:: Assignment ::
Beginning with the line that holds "Электрическая варочная панель" in the data below, give again every line through the one that holds "Looks Like: Clean", exactly as written.

:: Input material ::
━━━━━━

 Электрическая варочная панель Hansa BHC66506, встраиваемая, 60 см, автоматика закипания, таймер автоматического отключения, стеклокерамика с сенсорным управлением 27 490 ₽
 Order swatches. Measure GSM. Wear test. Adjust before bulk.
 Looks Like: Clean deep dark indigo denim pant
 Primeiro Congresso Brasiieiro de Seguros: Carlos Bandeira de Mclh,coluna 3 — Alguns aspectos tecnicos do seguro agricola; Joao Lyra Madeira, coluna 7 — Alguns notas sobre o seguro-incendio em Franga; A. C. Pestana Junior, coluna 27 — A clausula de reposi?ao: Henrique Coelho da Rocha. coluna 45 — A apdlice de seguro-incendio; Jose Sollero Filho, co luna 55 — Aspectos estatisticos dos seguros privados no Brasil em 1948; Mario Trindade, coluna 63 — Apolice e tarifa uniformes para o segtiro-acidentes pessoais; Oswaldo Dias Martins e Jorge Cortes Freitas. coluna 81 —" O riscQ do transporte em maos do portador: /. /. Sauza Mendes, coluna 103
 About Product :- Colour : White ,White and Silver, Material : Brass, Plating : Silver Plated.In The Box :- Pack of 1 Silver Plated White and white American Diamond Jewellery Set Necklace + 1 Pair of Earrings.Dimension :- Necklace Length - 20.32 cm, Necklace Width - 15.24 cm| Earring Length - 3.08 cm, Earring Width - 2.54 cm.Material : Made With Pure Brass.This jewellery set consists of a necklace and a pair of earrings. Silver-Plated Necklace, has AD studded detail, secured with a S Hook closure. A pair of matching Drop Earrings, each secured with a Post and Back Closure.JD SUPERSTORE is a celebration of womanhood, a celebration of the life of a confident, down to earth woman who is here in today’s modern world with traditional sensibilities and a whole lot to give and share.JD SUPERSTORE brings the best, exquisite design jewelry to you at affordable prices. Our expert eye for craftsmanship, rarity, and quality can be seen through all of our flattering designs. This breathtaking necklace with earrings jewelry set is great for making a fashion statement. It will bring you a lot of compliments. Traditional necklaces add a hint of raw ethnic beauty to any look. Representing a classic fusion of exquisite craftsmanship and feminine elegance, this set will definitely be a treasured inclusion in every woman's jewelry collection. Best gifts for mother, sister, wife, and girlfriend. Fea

━━━━━━

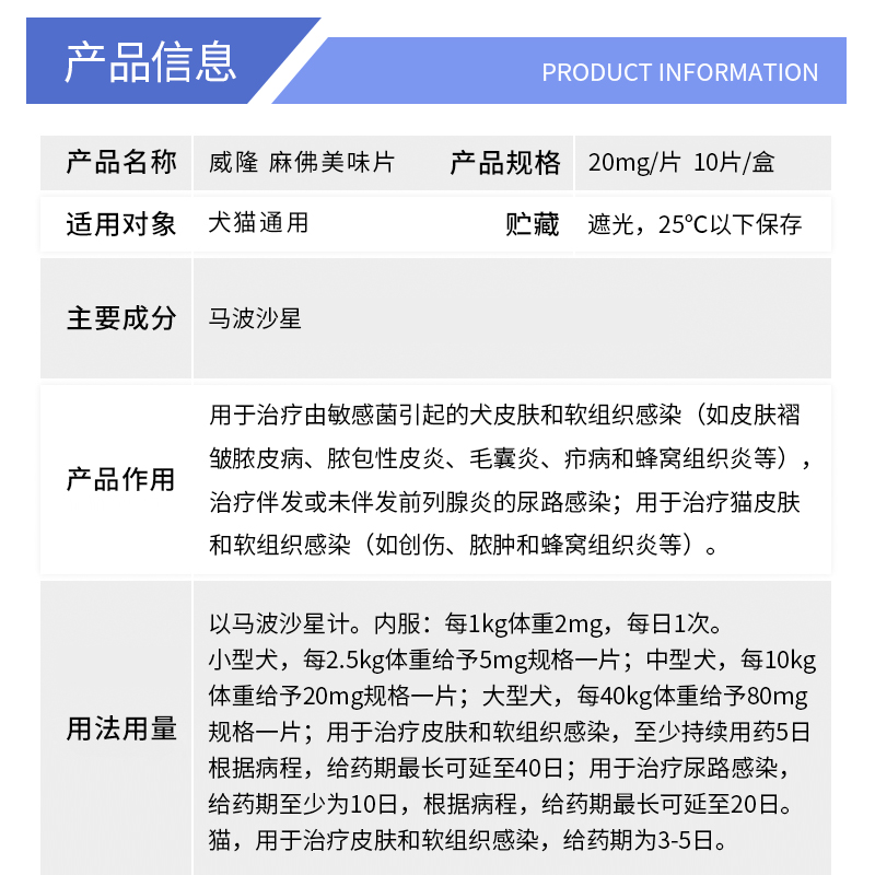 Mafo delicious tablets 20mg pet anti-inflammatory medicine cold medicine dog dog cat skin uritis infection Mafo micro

━━━━━━

:: Written solution ::
 Электрическая варочная панель Hansa BHC66506, встраиваемая, 60 см, автоматика закипания, таймер автоматического отключения, стеклокерамика с сенсорным управлением 27 490 ₽
 Order swatches. Measure GSM. Wear test. Adjust before bulk.
 Looks Like: Clean deep dark indigo denim pant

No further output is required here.